Con el libro ‘El arte de la fuga’, Vadik Barrón (1976) ganó en Premio Nacional de Poesía ‘Yolanda Bedregal’ 2013; estos textos forman parte de la obra galardonada
Las ventanas secretas
las ventanas secretas
duermen en la sien,
en la humedad que nos ronda después de un duchazo,
en los espacios móviles entre los dedos de la mano.
todo ojo merece llamarse la puerta del sol.

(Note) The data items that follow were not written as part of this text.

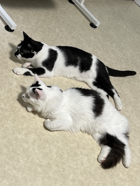 | 特徴(性格など) | 長毛と短毛の白黒兄弟です 長毛の子は抱っことナデナデが大好き? 短毛の子は釣り竿型の猫じゃらしで遊ぶのが大好きです 初めはちょっとビビりですが、とっても甘えんぼうの可愛い性格をしています |
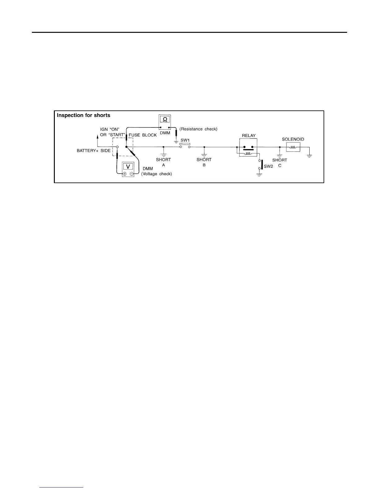 voltage; short is down the circuit of the relay or between the relay and the disconnected solenoid (point C).
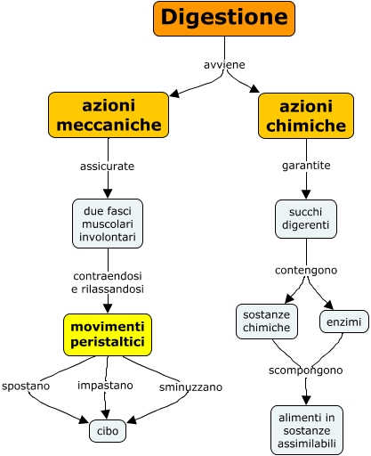Questa Cmap, creata con IHMC CmapTools, contiene informazioni relative a: 15.02 La digestione, Digestione avviene azioni chimiche, movimenti peristaltici spostano cibo, azioni meccaniche assicurate due fasci muscolari involontari, succhi digerenti contengono sostanze chimiche, azioni chimiche garantite succhi digerenti, due fasci muscolari involontari contraendosi e rilassandosi movimenti peristaltici, enzimi scompongono alimenti in sostanze assimilabili, succhi digerenti contengono enzimi, Digestione avviene azioni meccaniche, movimenti peristaltici impastano cibo, sostanze chimiche scompongono alimenti in sostanze assimilabili, movimenti peristaltici sminuzzano cibo

las ventanas secretas, amigo mío,
nos salvarán de este mundo farsante.
conserva la música salvaje
el latido improvisado
el amor bajo las pieles.
hay que tener a mano una escafandra
un teletransportador
un dispositivo de fuga
y arrepentirse a última hora.
decidir: aquí me quedo,
y abrazarnos bajo las frazadas
y que el big bang truene si quiere.
Plaza
…una diablada a la deriva
Edwin Guzmán
¿Qué es eso que late, en la plaza vacía?
Elvira Espejo
eso pequeño que late en la plaza vacía, elvira,
es el ojo muerto del sol.
antes era redondo como un limón
y ahora no es más que una anfetamina a medio tragar.
eso pequeño que pulsa
como una música plegable que disemina insectos sobre la partitura
es la tristeza de todos los ojos
de todas las madres
de todos los pueblos.
esa oquedad palpable
ese melanoma en el aire
es el punto final que escribe pacientemente el fin del mundo:
un infierno de millones de voces unísonas,
una jocunda comparsa de almas perdidas.
Confesión y poema gato
poco y nada sé de la vida,
de su álgebra y entuertos.
me entretienen, fascinan, confunden
los sofismas de aire,
la mujer del prójimo,
los poemas gato.
con poema gato quiero decir esas entidades de palabras con la cola alargada
que se escurren entre los muebles, dejan pelo por toda la casa
y reinan en los tejados.
poemas que hacen público su celo,
que son traicioneros y melosos a la vez,
que son dignos y crueles,
cancheros, autónomos y sexys.
los poemas gato habitan los intersticios
del bien y del mal,
del ají y el azúcar
y dialogan con la oscuridad
desde dos estrellas radiantes que escanean los misterios.
poco y nada sé de la vida,
vivo en una casa que se enfrenta a un patio donde el otoño es perpetuo.
en una ciudad cuyo único río la envuelve como una serpiente.
en un continente incontinente, en un geriátrico a cielo abierto.
qué se yo del mundo, de las agudas finanzas, de las ideologías oportunas.
desde esta ventana ruego todos los días
que aparezca un poema gato, uno solo.
mientras, me hago viejo.
afuera caen las hojas —puede que sean pájaros—
que presagian lluvia, puede que sea nieve.
poco y nada sé de la vida,
pero aquí me tienen
con el corazón entre las manos p’aspas
y los ojos bien abiertos al sol criminal de la esperanza.